» **ACTION ITEM**: Starting at the line that holds "DISQUALIFICATION chopping action on wrist" and stopping at the line that holds "KT Small Town Kid 5051", restate the records below word for word, with both of those lines included.

» **SUPPLIED DATA**:
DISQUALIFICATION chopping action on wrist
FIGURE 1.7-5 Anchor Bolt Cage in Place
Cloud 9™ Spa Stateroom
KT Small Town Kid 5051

...

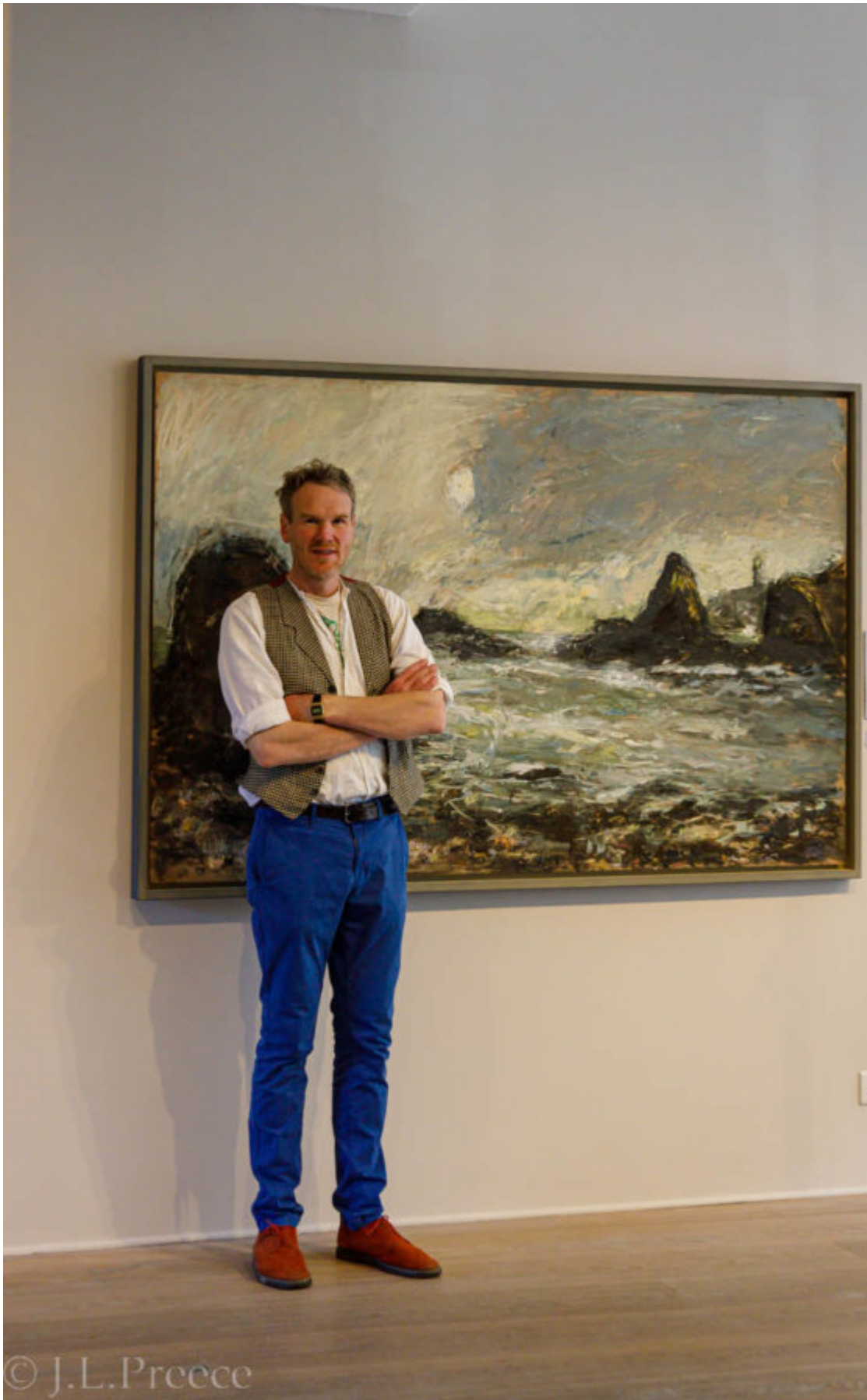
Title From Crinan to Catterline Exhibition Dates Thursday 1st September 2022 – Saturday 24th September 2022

» **ANSWER TO THIS EXERCISE**:
DISQUALIFICATION chopping action on wrist
FIGURE 1.7-5 Anchor Bolt Cage in Place
Cloud 9™ Spa Stateroom
KT Small Town Kid 5051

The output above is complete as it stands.